Dr Sarfati states that the church has understood the earth to have been created a little before 3986 BC “for most of the church’s history, and the way Hebrew Scholars have always understood it.” 

While he is right that both Christian scholars and Hebrew scholars have for many centuries been able to date the current year in terms of Anno Mundi, he is wrong that either of those reckonings point to a creation date “a little over 6000 years ago.”

Our position favours ~6,000 years as the age of the earth. But we are not committed to an exact year, because we don’t think the Bible provides such precision.
Surely Dr. Sarfati knows that the official Jewish reckoning of AM was designed to give Shimon Bar Kochba, rather than Yehoshua bar Yosef, the chance at fulfilling Daniel’s Vision of Seventy Weeks. Because this creative cooking of the history books has endured to this day, Rabbinic Jews are still over 200 years short of hitting that 6000-year target. This dating scheme dates back at least to Maimonides, and apparently originated with Yose ben Halafta. No, Hebrew scholars have not ‘always’ followed this scheme. We can’t prove what dating scheme they followed before ben Halafta, because there are no extant Hebrew writings dating back before then. But if the united testimony of historians Flavius Josphus (Anitiquites) and Julius Aficanus (Chronographai) is to be trusted, the Hebrew scholars of the first two centuries dated creation to around 5500 before Christ.
“For why should I speak of the three myriad years of the Phoenicians, or of the follies of the Chaldeans, their forty-eight myriads? For the Jews, deriving their origin from them as descendants of Abraham, having been taught a modest mind, and one such as becomes men, together with the truth by the spirit of Moses, have handed down to us, by their extant Hebrew histories, the number of 5500 years as the period up to the advent of the Word of salvation, that was announced to the world in the time of the sway of the Caesars.” –Africanus

As for Christian scholars, there appear to have been none prior to the eight century who dismissed this ancient belief of the church that creation had preceded Christ by 5500 years. Bede was no doubt aware that his Latin Bible, which followed Jerome’s adoption of yet another Hebrew chronology, was incompatible with the history of the Britons, which aligned with the aforementioned 5500 BC date. His attempts to push a creation date of 3952 BC met with stiff resistance from the Bible scholars of his day, who were aware that he was overturning centuries of Christian scholarship. It would appear that eschatological excitement was the main reason for finally adopting Bede’s approach, which postponed the inevitable millennium from AD 500 to 2000. Well, that excitement has come and gone again as that cycle likewise ended in disappointment, yet through it all, the Eastern Church has held fast to the 5500 BC creation date, as it has been transmitted for at least 2000 years in their own copies of the Old Testament. I say it’s time to stop pretending that the Church has always been agreed on something tied to strongly to idiosyncratic eschatological doctrine, and take a fresh look at evidence that has been suppressed for half a millennium, since the canonization of the Christ-denying Hebrew chronology by the Reformers.
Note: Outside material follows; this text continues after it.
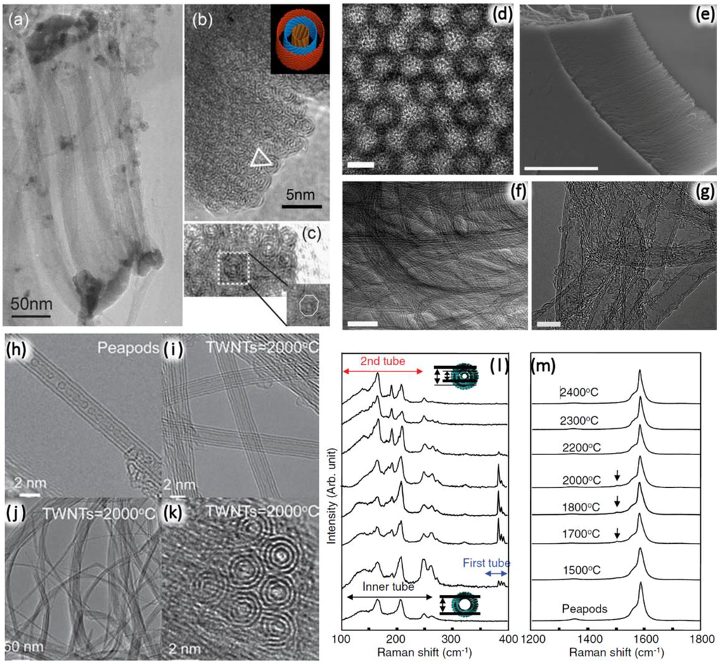 Muramatsu et al. prepared high quality TWNTs by introducing C into DWNTs followed by high temperature annealing [149,150] and starting from CCVD-prepared high quality DWNTs [104]. In order to enlarge the DWNT diameters, high temperature annealing was carried out prior to C encapsulation [149]. At a temperature of 2400 C, the diameter of both the inner tube and the outer tube of the DWNT increased via the coalescence mechanism [149]. After the annealing process, the inner tube diameter of the DWNT was in the range of 1.0–1.8 nm, which is wide enough for C encapsulation. The DWNT and C were sealed inside a glass ampoule under vacuum, and then, the glass ampoule was heated at 600 C for the C encapsulation. Finally, a secondary high temperature heat treatment process (1500 °C–2000 C) transformed the DWNT-pea pod (Figure 8h) into TWNTs (Figure 8i–k) [149]. The diameter of the newly-generated inner-most tube was in the range of 0.4–1.0 nm, and the generation of an inner-most tube was confirmed by Raman spectroscopy (Figure 8l–m). Recently, Hirschmann et al. [57,58,59] used resonant Raman spectroscopy (RRS) to study in greater detail these fullerene-derived TWNTs in both bundles and isolated versions. In these studies, the authors confirmed the high-quality TWNT throughput of the fullerene-derived method reported by Muramatsu and co-authors [149]. The works by Hirschmann and co-authors also reported the first comprehensive studies on the vibrational properties of these high-quality TWNTs, connecting such properties with their SWNT and DWNT counterparts [57,58,59,151,152,153]. Table 2 summarizes the different synthesis conditions that produce TWNTs.

I have written an journal essay giving my opinion as to how the present wide divergence of biblical chronology emerged, using the principles of textual criticism to identify the Masoretic scheme as a late recension. It’s not been accepted for peer review until I adequately demonstrate that I have interacted with everything previously published on the subject, which task I am presently working through. Some of it is pretty nutty, despite having been written by Ph.D’s.

Daniel B.


Dear Editor,
Dr. Sarfati states that the church has understood the earth to have been created a little before 3986 BC “for most of the church’s history, and the way Hebrew Scholars have always understood it.”

First, note what I was trying to do. In this mag article, I was contrasting the main views: is the earth thousands or billions of years (“long ages”) old. This was not the place to perform a historical or textual analysis of the Genesis chronogenealogies. We just can’t cover everything in one article! Elsewhere in my own writings and those of my colleagues, this is fine-tuned.

While he is right that both Christian scholars and Hebrew scholars have for many centuries been able to date the current year in terms of Anno Mundi, he is wrong that either of those reckonings point to a creation date “a little over 6000 years ago.”

wikipedia.org

james-ussher

James Ussher (1641) by Cornelis Janssens van Ceulen

First, this was a general summary of our position, and providing the right ball park. See the compilation in Old-earth or young-earth belief: Which belief is the recent aberration? which provides the range of estimated dates, all in the thousands. Our position favours ~6,000 years as the age of the earth, as explained in How does the Bible teach 6,000 years? But we are not committed to an exact year, because we don’t think the Bible provides such precision, as explained in How precise is the Bible about the date of creation?

Surely Dr. Sarfati knows that the official Jewish reckoning of AM was designed to give Shimon Bar Kochba, rather than Yehoshua bar Yosef, the chance at fulfilling Daniel’s Vision of Seventy Weeks. Because this creative cooking of the history books has endured to this day, Rabbinic Jews are still over 200 years short of hitting that 6000-year target. This dating scheme dates back at least to Maimonides, and apparently originated with Yose ben Halafta. No, Hebrew scholars have not ‘always’ followed this scheme. We can’t prove what dating scheme they followed before ben Halafta, because there are no extant Hebrew writings dating back before then.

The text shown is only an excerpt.